2 Key points - backbone
YOLOV7 Of backbone As shown in the figure below

All in all 50 layer , I marked the key layers with black numbers in the figure above . The first is through 4 Convolution layer , Here's the picture ,CBS Mainly Conv + BN + SiLU constitute , I use different colors to represent different size and stride, Such as (3, 2) Indicates that the convolution kernel size is 3 , In steps of 2. stay config The configuration in is shown in the figure .

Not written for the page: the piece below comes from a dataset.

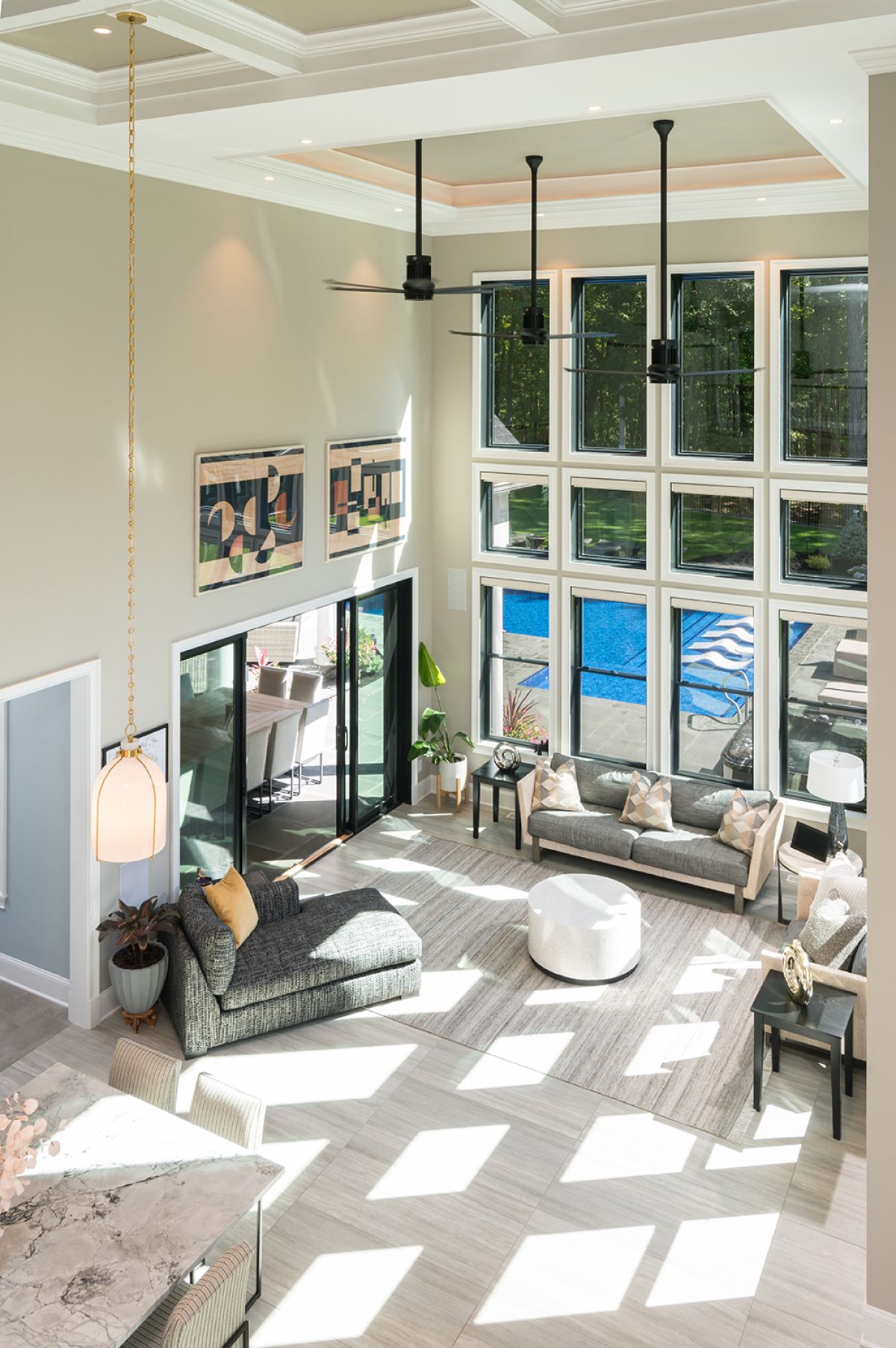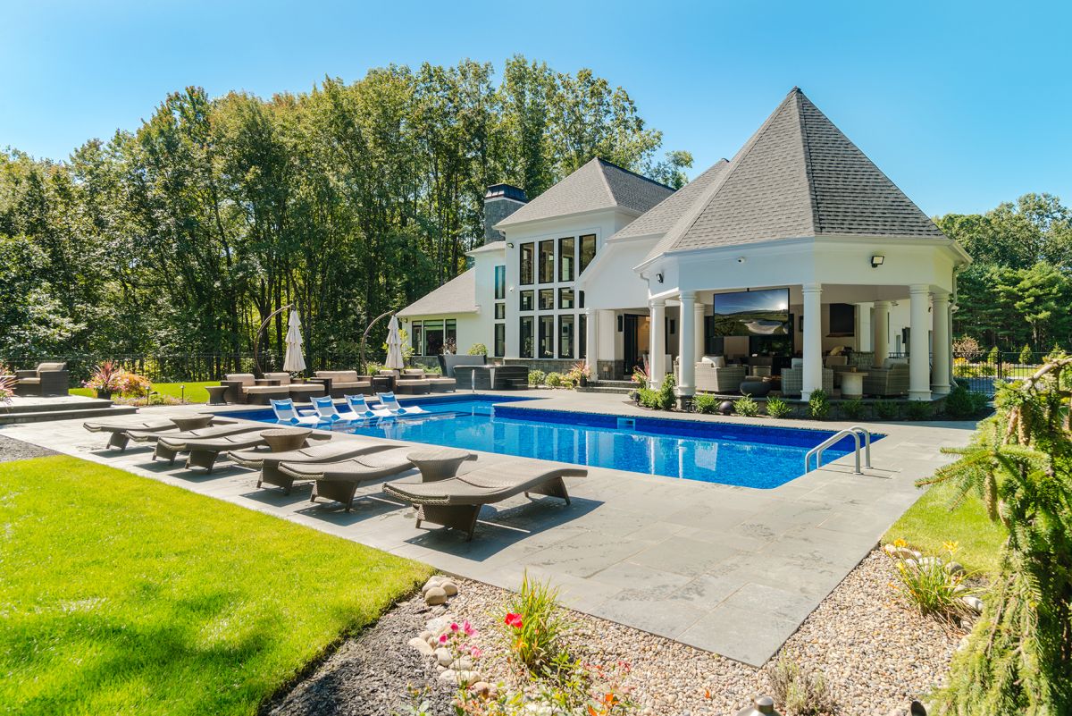 Summers spent lounging by the pool add sunny style to a modern traditional family home.

after 4 individual CBS after , The feature map changes to 160 * 160 * 128 size . Then it will be proposed in the paper ELAN modular ,ELAN By multiple CBS constitute , Its input and output feature size remains unchanged , The number of channels is in the first two CBS There will be changes , The following input channels are consistent with the output channels , After the last CBS Output as the required channel .

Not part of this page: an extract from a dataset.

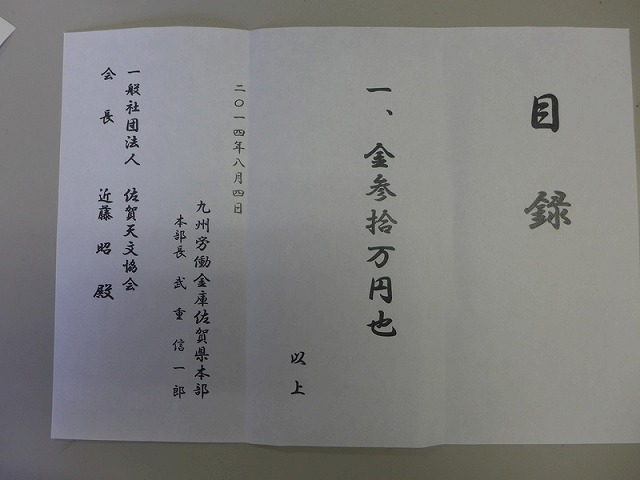 8月8日 8月例会(協会事務所にて) ・九州ろうきん「NPO助成」の報告 ・太良観測所整備の進捗と今後の予定について ・観望会、イベント日程 ・会長連絡 出席者;近藤、鶴田、永渕、園田、松林、大石、松尾 7名 写真 1、2、3 、4 、5、6、7 |

MP layer Mainly divided into Maxpool and CBS , among MP1 and MP2 It is mainly the ratio change of the number of channels .

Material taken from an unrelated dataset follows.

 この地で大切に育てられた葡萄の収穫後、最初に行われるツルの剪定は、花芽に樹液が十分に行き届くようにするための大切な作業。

backbone That's all for the basic components of , Let's look at it as a whole backbone, after 4 individual CBS after , Access, for example, a ELAN , Then there are three MP + ELAN Output , The corresponding is C3/C4/C5 Output , The sizes are 80 * 80 * 512 , 40 * 40 * 1024, 20 * 20 * 1024. every last MP from 5 layer , ELAN Yes 8 layer , So the whole thing backbone The number of layers is 4 + 8 + 13 * 3 = 51 layer , from 0 At the beginning , The last layer is the 50 layer .
Key points - head



YOLOV7 head It's really just a pafpn Structure , And before YOLOV4,YOLOV5 equally . First , about backbone The last output 32 Double down sampling characteristic diagram C5, And then pass by SPPCSP, The number of channels ranges from 1024 Turn into 512. First according to top down and C4、C3 The fusion , obtain P3、P4 and P5; Press again bottom-up Go and P4、P5 Do fusion . It's basically the same as YOLOV5 It's the same , The difference is that YOLOV5 Medium CSP Module changed to ELAN-H modular , At the same time, the down sampling becomes MP2 layer .
ELAN-H The module is named by myself , It and backbone Medium ELAN The slight difference is cat The number of different .

3 Training

It's a bit of a pit , If you want to use a larger pre training model , Need to use train_aux.py Training , Otherwise, the effect is very bad

🧿 Topic selection guidance , Project sharing :
4 Use effect
Silky !

边栏推荐
- ES6--拓展运算符运用
- Redis hash structure command
- A recently summarized universal violent cracking method
- I'm also drunk. Eureka delayed registration and this pit
- 海康设备接入EasyCVR,出现告警信息缺失且不同步该如何解决?
- Express: search product API by keyword
- You can understand it at a glance, eslint
- Anfulai embedded weekly report no. 275: 2022.07.18--2022.07.24
- Mongodb learning notes: bson structure analysis
- A layered management method of application layer and hardware layer in embedded system
猜你喜欢

access control

如何监控NVIDIA Jetson的的运行状态和使用情况

Redis queue, RDB learning

PyQt5快速开发与实战 4.7 QSpinBox(计数器) and 4.8 QSlider(滑动条)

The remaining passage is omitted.